Kenya’s leading media outlets, especially in the print sector, are often critical of politicians and government actions. They remain pluralistic, rigorous, and bold in their reporting, although they also frequently pander to the interests of major advertisers and influential politicians. As the March 2013 general elections—the first since disputed polls in 2007 led to deadly ethnic and political violence—drew closer, indications that media owners were aligning themselves with certain political personalities became apparent. The concentration of media ownership in a small number of hands, often with strong political affiliations, contributed to this partisan reporting trend. Many local journalists admitted that their election coverage required self-censorship to accommodate the interests of their respective media houses. The government launched an initiative in 2012 to counter hate speech and incitement of ethnic violence as part of the preelection preparations.
At least 28 journalists were threatened or attacked during the year, largely by local officials and police in connection with coverage of corruption. Nearly half of all cases were reported in the western region of the country. In February, Standard reporter Sammy Jakaa received death threats via mobile-telephone text message after exposing graft by Kenyan security agents in the Ugandan-Kenyan border town of Malaba. In March, two journalists, Lucas Ngasike from the Standard and Rashid Ekeno from its sister broadcaster KTN, received death threats for exposing a food-aid scandal perpetrated by local officials in the western, drought-ridden Turkana district. In September, guards at the Machakos courthouse assaulted cameraman Jonathan Mutiso of the state-controlled Kenya Broadcasting Corporation (KBC) for filming their attack on an escaped suspect. Mutiso was forced to erase his footage.

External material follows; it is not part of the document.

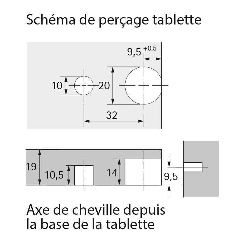 Boitier rasant Ø20 mm à tourillon Ø10 mm.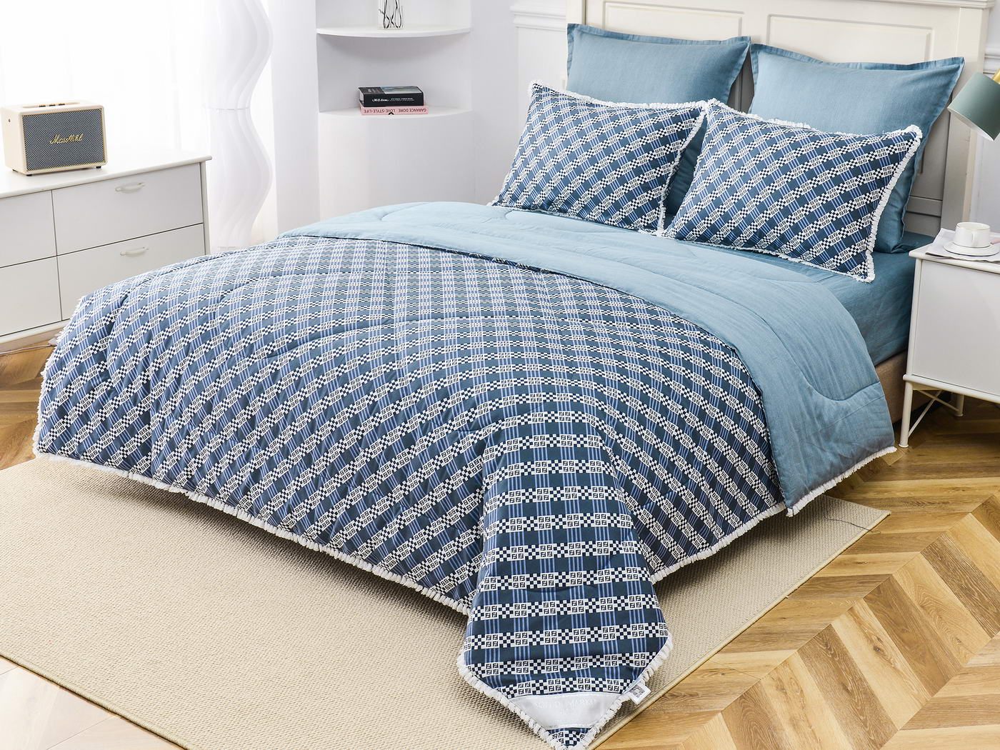 В комплекты комфортеров с одеялом Бернадетт входят наволочки, простыня и легкое всесезонное одеяло. Оцените это современное и очень удобное решение, которое идеально подходит тем, кто не любит возиться с пододеяльниками.

Ethnic Somali journalists faced continued threats and intimidation in 2012 emanating from Islamist militias based in neighboring Somalia as well as Kenyan security agents. Both sides accused the journalists of supporting their opponents. Text and e-mail threats became particularly acute for some of these journalists after the Kenyan army invaded the town of Kismayo in southern Somalia in late September 2011 as part of a campaign to secure Kenya’s borders from attacks by the Somalian Islamist militia Al-Shabaab.
There are four daily newspapers, one business daily, and several regional weekly newspapers. In addition, a number of independent tabloids that are highly critical of the government publish irregularly. The KBC remains dominant outside major urban centers, and its coverage tends to favor the government. There are six private television broadcasters along with a myriad of private and community radio stations. There has been a significant expansion of FM radio in recent years, particularly ethnic stations, and their call-in shows have fostered increasing public participation as well as commentary that is critical of the government. Two private companies, the Standard Media Group and the Nation Media Group, run independent television networks and respected newspapers. International news media, including the British Broadcasting Corporation and Radio France Internationale, are widely available in Kenya, along with new international media investors such as the Chinese government’s China Central Television (CCTV).
About 32 percent of Kenyans accessed the internet in 2012. Kenya is the leader in usage in East Africa, with more than twice as many users as any other country. Due to lack of infrastructure and electricity, internet availability is still limited in rural areas, though expanding mobile-phone usage has increased access.